A Choice, Not a No-Brainer

The voters, as they say, have spoken. And, as often happens when one party emerges momentarily dominant, there is much discussion, not to say hand-wringing, over the plight and the fate of its opposite number.

It is interesting that in our country there is always only one opposite number. Why only one? According to political scientist Maurice Duverger, whom everyone cites on this subject, the development of two large parties was an unplanned effect of the two principles which apply almost everywhere in our system of elections that: a) the plurality wins, and b) the winner takes all. In consequence, unlike the tossing of hand grenades and horseshoes, an American election is an activity in which “almost” doesn’t count. Only one candidate, not two or three, is elected in most elections, even if three or more get large numbers of votes. Candidates and voters alike therefore face powerful incentives to pool their bets; voters cannot waste votes on candidates who are the “purest” representatives of narrow outlooks or interests, but must instead vote for candidates who manage to appeal to diverse coalitions of voters, the larger the better. The power of this logic is maximized with two candidates. And with such binary electoral choices come binary parties, large organized coalitions to support coalition candidates.

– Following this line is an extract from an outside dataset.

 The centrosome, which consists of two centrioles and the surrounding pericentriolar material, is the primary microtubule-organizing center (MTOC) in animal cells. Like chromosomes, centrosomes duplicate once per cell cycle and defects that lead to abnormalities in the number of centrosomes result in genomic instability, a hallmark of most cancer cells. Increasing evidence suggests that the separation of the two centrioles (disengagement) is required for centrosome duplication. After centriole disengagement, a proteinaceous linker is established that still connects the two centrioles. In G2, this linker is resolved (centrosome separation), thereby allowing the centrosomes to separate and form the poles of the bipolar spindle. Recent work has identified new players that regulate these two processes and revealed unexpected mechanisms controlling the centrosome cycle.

Despite these almost accidental beginnings, then, despite not even being mentioned or contemplated in the Constitution, our two major political parties have made themselves essential to the U.S. constitutional scheme. Without them, there probably would not be forces big enough, rich enough, and powerful enough to assure that the constitutional machinery establishing periodic turnovers in control of our elected branches would actually function. The oligarchy of two parties, complete with their respective primary systems, recruits, vets and legitimizes new candidates, and concentrates large forces of funding and electioneering to make them effective. Two parties are, in short, a handy thing to have.

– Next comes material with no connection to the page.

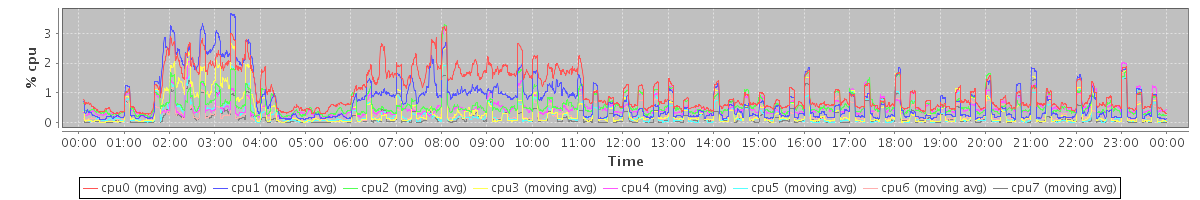avg(cpu0) = 0.07 avg(cpu1) = 0.20 avg(cpu2) = 0.03 avg(cpu3) = 0.05 avg(cpu4) = 0.02 avg(cpu5) = 0.03 avg(cpu6) = 0.02 avg(cpu7) = 0.01
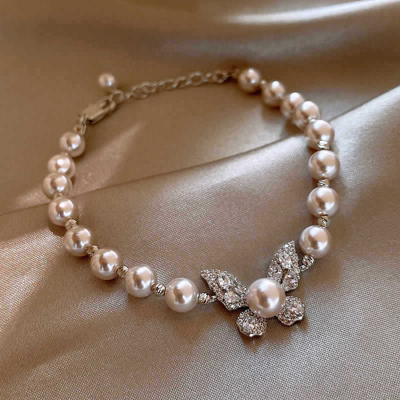 轻奢镶钻蝴蝶珍珠款可调节手链精致高级感手环法式复古手饰批发女

And that is why even the most loyal Democrats would be right to care about the fate of the Republicans today.

Of course this is a perennial sport. I am just old enough to remember anxious editorials in 1964 and 1965 when it looked as if Lyndon Johnson’s Democrats had nearly wiped the GOP off the face of the earth. Yet Richard Nixon and Ronald Reagan breathed considerable vitality back into the “invalid,” giving it over three unexpected decades of near-dominance. Handwringing was then replaced by insane optimism. Karl Rove and Tom DeLay concluded from their momentary ascendancy that they had the makings of a Thousand-Year Republican Reich. Uh, not so much … Instead, the ruinous elections of 2006 and 2008 have nearly marginalized the Party once more. Yet it is inconceivable that the Republicans will not come back.

But first they will need (as they did in 1964) to reinvent themselves. It is therefore with bemusement that one reads the opening rounds of their internal debate in every newspaper and every blog, about what reinvention should entail. The predictable mistake one sees most continually repeated in these exchanges could be called “Back to the Future.” In this view, the Republicans, like the ancient Israelites driven into exile, brought this pickle upon themselves by being untrue to their divine teachings. They were faithless to their shibboleths of small government and low taxes. Had they not strayed, the feeling goes, had they kept government small and taxes low, they would all still be in office.

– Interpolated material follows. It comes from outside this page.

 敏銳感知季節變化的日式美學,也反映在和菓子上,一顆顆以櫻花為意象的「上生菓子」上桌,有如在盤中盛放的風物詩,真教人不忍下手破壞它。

Well, not exactly. Small and ineffective governance was at the very root of our problems with Katrina, a fact the voters noted. Even the Bush Administration had to resort to big government remedies when dealing with the financial meltdown – another fact voters have noted. “Small government” Republicans have never had much of a pure faith anyway where it comes to the military. And the Republican deployment of our military and the various atrocities that had accompanied it had a great deal to do with putting the party in the national doghouse. Nor do any of the advocates for Republican reformation known to me seem to be suggesting that the party do a comprehensive about-face on its nastily anti-immigrant stance, even though that stance obviously lost the support of the fastest-growing demographic in the country today, Hispanic voters. No one seems to be suggesting that the party rethink who it wants in its “base,” even though by now the present version of that base (older, white religious conservatives and blue-collar workers) can no longer deliver national elections. The hope seems to be that somehow, by becoming more of what it was in the past, the party can recover its spark. The technical name for this kind of hope is “denial.”

The Republican Party will recover only when it embraces a much more fundamental change – when it recognizes that the electorate has changed and when it is willing to give the electorate what it demands.

We’ll know that moment has come when photos of Republican crowds look the way photos of Democratic crowds do today: diverse in age, diverse in ethnicity and race. A party whose attitudes make it almost lily-white will increasingly become a party in exile in the majority-minority America we are fast becoming.

We’ll know the Republicans are back when they show, through their platform and their public pronouncements, that they have broken the grip of the religious right, and stand with the larger number of more moderate Americans on matters such as abortion, contraception, the roles of women, and homosexuality.

We’ll know the Republicans are rebuilding when they change their cultural tune and stop associating obsessively with country music, NASCAR, and gun fetishism. The rural South is not the American heartland any more, and not where future elections will be won.

We’ll see the voters embracing Republican candidates again when the latter show they understand that global warming is real, is caused by human economic activities, and is the single most important issue of all, and that corporate profits and objectives cannot be allowed to trump the efforts to rescue the planet.

We can expect Republican majorities once more when Republican leaders publicly express some credible appreciation of the regulatory state and the taxes necessary to support it. This new Century will require alliances and worldwide cooperation. It will require our participation in and submission to international treaties and institutions. Republicans willing to commit us to that kind of cooperation will find favor with the electorate.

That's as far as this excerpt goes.